If you're morning anxiety is exacerbated (or even caused by) low blood sugar, immediately bite into an apple, a banana, or any fruit you like as soon as your wake up. Keep some right next to your bed. You can also grab for a health bar, or one of those great organic fruit roll-ups, and scarf it down as soon as you come to.

- Make sure your alarm clock is nice to you

If you're the kind of person who is afraid you won't wake up unless your alarm clock yells at you, or if you just use a clock radio turned to a boisterous talk radio station, try something less intense. You can try an app like "sleep cycle" for the iPhone which uses the accelerometer of the phone to wake you at your lightest sleep state in the span of a half hour. If you don't have a smart phone, find an alarm clock that allows you to play a song that you choose.
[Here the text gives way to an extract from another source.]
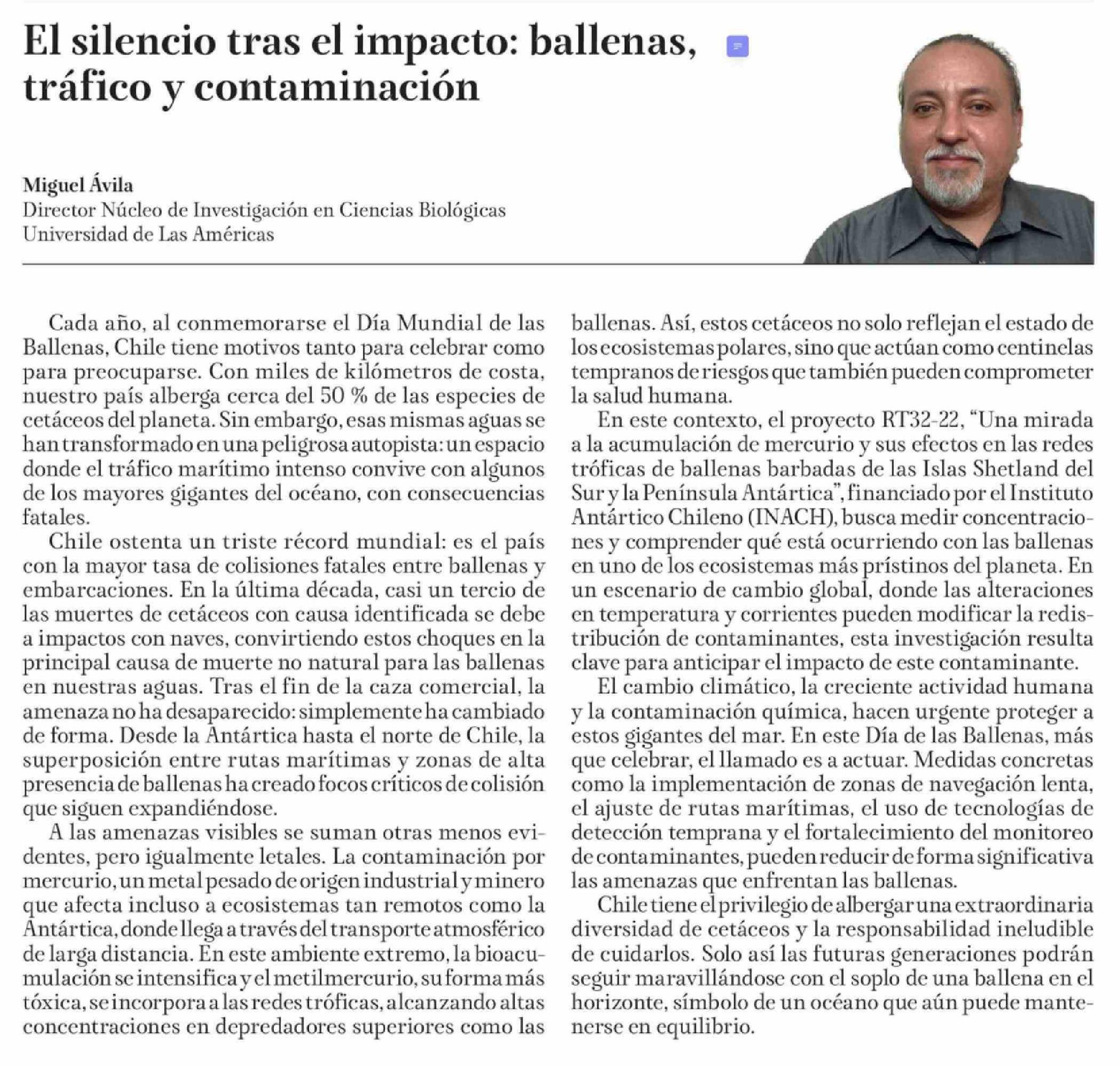 Columnas de Opinión: El silencio tras el impacto: ballenas, tráfico y contaminación
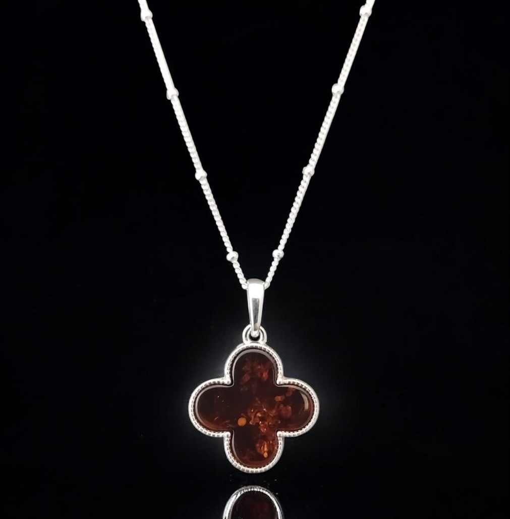 Amber quatrefoil pendant in sterling silver

Choose a sweet song that's gentle on your body. Make your reality more peaceful with peaceful music.

Again, the one and only goal is replacing negative fantasies with positive realities, and only you know what makes you feel best. Putting a personal twist on controlling you anxiety is far more effective than following a list of steps. Also keep in mind, when you put these kinds of steps into practice, you are indeed training the brain to stop this cycle of morning anxiety, especially when you couple these kinds of steps with your meditation practice. The goal is eventually to train the brain so well that you don't need to do these steps... but you're starting at the beginning, so go slowly, and steady, set your mind to locking itself to a positive reality, rather than fearing an imaginary fantasy.